Records from a dataset
= Beginning of Section =

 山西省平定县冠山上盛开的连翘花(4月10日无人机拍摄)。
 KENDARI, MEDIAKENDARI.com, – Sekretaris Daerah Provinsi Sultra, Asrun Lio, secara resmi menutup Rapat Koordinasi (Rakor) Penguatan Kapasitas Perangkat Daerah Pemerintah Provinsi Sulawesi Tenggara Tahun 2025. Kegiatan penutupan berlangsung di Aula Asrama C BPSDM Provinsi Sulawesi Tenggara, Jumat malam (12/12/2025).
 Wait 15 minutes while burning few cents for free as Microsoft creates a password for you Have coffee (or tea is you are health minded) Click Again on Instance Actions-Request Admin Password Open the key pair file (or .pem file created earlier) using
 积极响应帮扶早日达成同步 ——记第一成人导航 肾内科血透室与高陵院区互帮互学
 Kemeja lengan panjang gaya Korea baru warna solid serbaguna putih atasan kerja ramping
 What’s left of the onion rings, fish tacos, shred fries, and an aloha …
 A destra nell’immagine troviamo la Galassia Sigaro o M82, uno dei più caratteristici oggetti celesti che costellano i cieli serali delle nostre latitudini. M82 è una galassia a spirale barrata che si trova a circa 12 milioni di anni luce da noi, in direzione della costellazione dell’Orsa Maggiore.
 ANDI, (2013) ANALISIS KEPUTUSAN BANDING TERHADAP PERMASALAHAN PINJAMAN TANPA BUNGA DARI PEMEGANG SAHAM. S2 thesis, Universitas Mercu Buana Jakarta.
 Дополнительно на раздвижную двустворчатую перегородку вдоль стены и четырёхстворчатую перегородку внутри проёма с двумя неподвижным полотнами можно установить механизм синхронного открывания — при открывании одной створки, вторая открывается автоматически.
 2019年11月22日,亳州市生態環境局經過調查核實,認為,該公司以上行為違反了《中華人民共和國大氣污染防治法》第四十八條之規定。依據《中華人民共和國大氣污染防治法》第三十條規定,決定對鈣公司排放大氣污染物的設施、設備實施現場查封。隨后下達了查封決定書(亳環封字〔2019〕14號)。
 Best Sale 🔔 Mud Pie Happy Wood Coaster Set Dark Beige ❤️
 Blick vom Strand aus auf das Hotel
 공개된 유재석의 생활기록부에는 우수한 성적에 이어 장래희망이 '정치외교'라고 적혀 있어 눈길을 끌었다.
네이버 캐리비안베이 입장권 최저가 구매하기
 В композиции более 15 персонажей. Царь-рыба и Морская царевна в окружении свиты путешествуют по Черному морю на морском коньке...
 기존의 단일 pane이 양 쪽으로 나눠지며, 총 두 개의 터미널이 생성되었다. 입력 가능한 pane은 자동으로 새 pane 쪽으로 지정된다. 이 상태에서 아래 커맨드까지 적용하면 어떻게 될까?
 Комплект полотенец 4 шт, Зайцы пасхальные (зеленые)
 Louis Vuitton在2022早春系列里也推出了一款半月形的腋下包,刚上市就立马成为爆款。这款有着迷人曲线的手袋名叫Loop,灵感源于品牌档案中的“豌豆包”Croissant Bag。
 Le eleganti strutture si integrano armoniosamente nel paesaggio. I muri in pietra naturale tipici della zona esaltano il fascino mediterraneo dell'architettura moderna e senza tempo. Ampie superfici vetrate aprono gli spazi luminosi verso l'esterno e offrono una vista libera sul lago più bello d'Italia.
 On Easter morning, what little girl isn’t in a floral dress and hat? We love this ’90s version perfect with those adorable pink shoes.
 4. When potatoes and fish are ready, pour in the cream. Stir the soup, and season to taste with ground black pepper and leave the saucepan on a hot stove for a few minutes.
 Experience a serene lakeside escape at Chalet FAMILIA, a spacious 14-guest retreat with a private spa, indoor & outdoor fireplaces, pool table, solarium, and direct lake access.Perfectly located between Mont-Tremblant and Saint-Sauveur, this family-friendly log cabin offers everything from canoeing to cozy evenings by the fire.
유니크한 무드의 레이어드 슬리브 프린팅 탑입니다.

= End of Section =

■ PROBLEM STATEMENT ■
Every record must be returned exactly.

■ WRITTEN RESPONSE ■
 山西省平定县冠山上盛开的连翘花(4月10日无人机拍摄)。
 KENDARI, MEDIAKENDARI.com, – Sekretaris Daerah Provinsi Sultra, Asrun Lio, secara resmi menutup Rapat Koordinasi (Rakor) Penguatan Kapasitas Perangkat Daerah Pemerintah Provinsi Sulawesi Tenggara Tahun 2025. Kegiatan penutupan berlangsung di Aula Asrama C BPSDM Provinsi Sulawesi Tenggara, Jumat malam (12/12/2025).
 Wait 15 minutes while burning few cents for free as Microsoft creates a password for you Have coffee (or tea is you are health minded) Click Again on Instance Actions-Request Admin Password Open the key pair file (or .pem file created earlier) using
 积极响应帮扶早日达成同步 ——记第一成人导航 肾内科血透室与高陵院区互帮互学
 Kemeja lengan panjang gaya Korea baru warna solid serbaguna putih atasan kerja ramping
 What’s left of the onion rings, fish tacos, shred fries, and an aloha …
 A destra nell’immagine troviamo la Galassia Sigaro o M82, uno dei più caratteristici oggetti celesti che costellano i cieli serali delle nostre latitudini. M82 è una galassia a spirale barrata che si trova a circa 12 milioni di anni luce da noi, in direzione della costellazione dell’Orsa Maggiore.
 ANDI, (2013) ANALISIS KEPUTUSAN BANDING TERHADAP PERMASALAHAN PINJAMAN TANPA BUNGA DARI PEMEGANG SAHAM. S2 thesis, Universitas Mercu Buana Jakarta.
 Дополнительно на раздвижную двустворчатую перегородку вдоль стены и четырёхстворчатую перегородку внутри проёма с двумя неподвижным полотнами можно установить механизм синхронного открывания — при открывании одной створки, вторая открывается автоматически.
 2019年11月22日,亳州市生態環境局經過調查核實,認為,該公司以上行為違反了《中華人民共和國大氣污染防治法》第四十八條之規定。依據《中華人民共和國大氣污染防治法》第三十條規定,決定對鈣公司排放大氣污染物的設施、設備實施現場查封。隨后下達了查封決定書(亳環封字〔2019〕14號)。
 Best Sale 🔔 Mud Pie Happy Wood Coaster Set Dark Beige ❤️
 Blick vom Strand aus auf das Hotel
 공개된 유재석의 생활기록부에는 우수한 성적에 이어 장래희망이 '정치외교'라고 적혀 있어 눈길을 끌었다.
네이버 캐리비안베이 입장권 최저가 구매하기
 В композиции более 15 персонажей. Царь-рыба и Морская царевна в окружении свиты путешествуют по Черному морю на морском коньке...
 기존의 단일 pane이 양 쪽으로 나눠지며, 총 두 개의 터미널이 생성되었다. 입력 가능한 pane은 자동으로 새 pane 쪽으로 지정된다. 이 상태에서 아래 커맨드까지 적용하면 어떻게 될까?
 Комплект полотенец 4 шт, Зайцы пасхальные (зеленые)
 Louis Vuitton在2022早春系列里也推出了一款半月形的腋下包,刚上市就立马成为爆款。这款有着迷人曲线的手袋名叫Loop,灵感源于品牌档案中的“豌豆包”Croissant Bag。
 Le eleganti strutture si integrano armoniosamente nel paesaggio. I muri in pietra naturale tipici della zona esaltano il fascino mediterraneo dell'architettura moderna e senza tempo. Ampie superfici vetrate aprono gli spazi luminosi verso l'esterno e offrono una vista libera sul lago più bello d'Italia.
 On Easter morning, what little girl isn’t in a floral dress and hat? We love this ’90s version perfect with those adorable pink shoes.
 4. When potatoes and fish are ready, pour in the cream. Stir the soup, and season to taste with ground black pepper and leave the saucepan on a hot stove for a few minutes.
 Experience a serene lakeside escape at Chalet FAMILIA, a spacious 14-guest retreat with a private spa, indoor & outdoor fireplaces, pool table, solarium, and direct lake access.Perfectly located between Mont-Tremblant and Saint-Sauveur, this family-friendly log cabin offers everything from canoeing to cozy evenings by the fire.
유니크한 무드의 레이어드 슬리브 프린팅 탑입니다.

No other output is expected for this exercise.